BEGIN MATERIAL PROVIDED

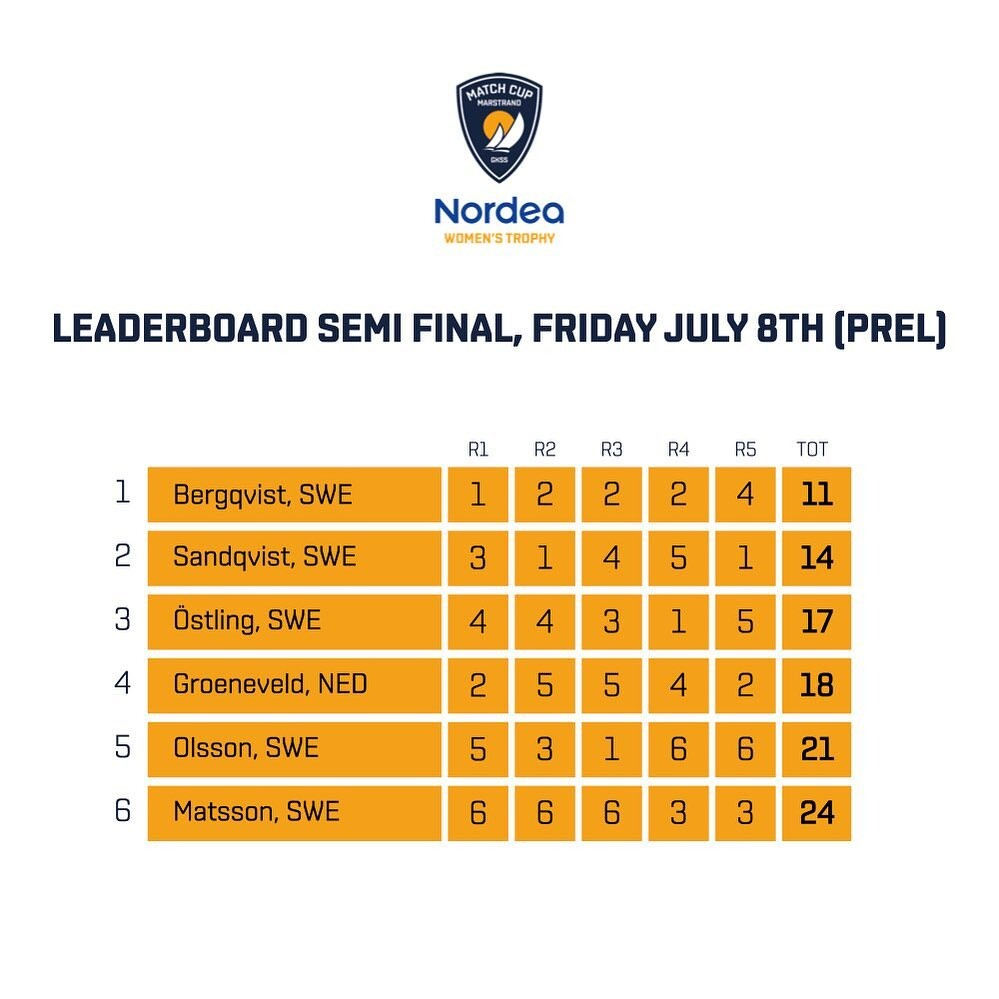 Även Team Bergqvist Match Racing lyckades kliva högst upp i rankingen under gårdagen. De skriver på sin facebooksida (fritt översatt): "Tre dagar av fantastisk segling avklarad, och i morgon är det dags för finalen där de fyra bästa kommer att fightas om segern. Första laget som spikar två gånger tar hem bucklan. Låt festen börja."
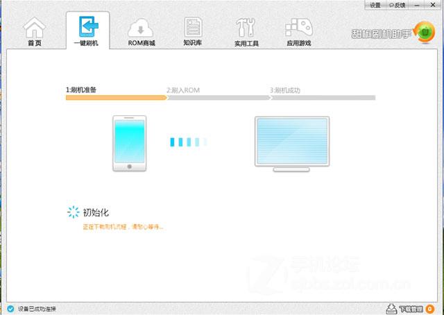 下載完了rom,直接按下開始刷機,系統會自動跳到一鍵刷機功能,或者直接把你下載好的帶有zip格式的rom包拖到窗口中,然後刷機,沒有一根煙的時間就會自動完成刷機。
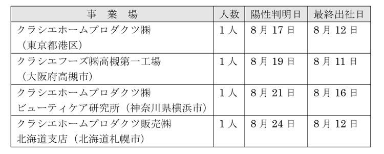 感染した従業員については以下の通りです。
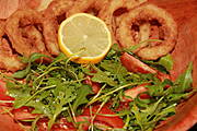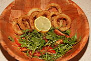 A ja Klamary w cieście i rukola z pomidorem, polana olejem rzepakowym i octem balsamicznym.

END MATERIAL PROVIDED

__PROMPT__
Reproduce, unchanged, each line between the one with "下載完了rom,直接按下開始" and the last line of the material, both included; the pictures do not go in.

__EXPECTED OUTPUT__
 下載完了rom,直接按下開始刷機,系統會自動跳到一鍵刷機功能,或者直接把你下載好的帶有zip格式的rom包拖到窗口中,然後刷機,沒有一根煙的時間就會自動完成刷機。
 感染した従業員については以下の通りです。
 A ja Klamary w cieście i rukola z pomidorem, polana olejem rzepakowym i octem balsamicznym.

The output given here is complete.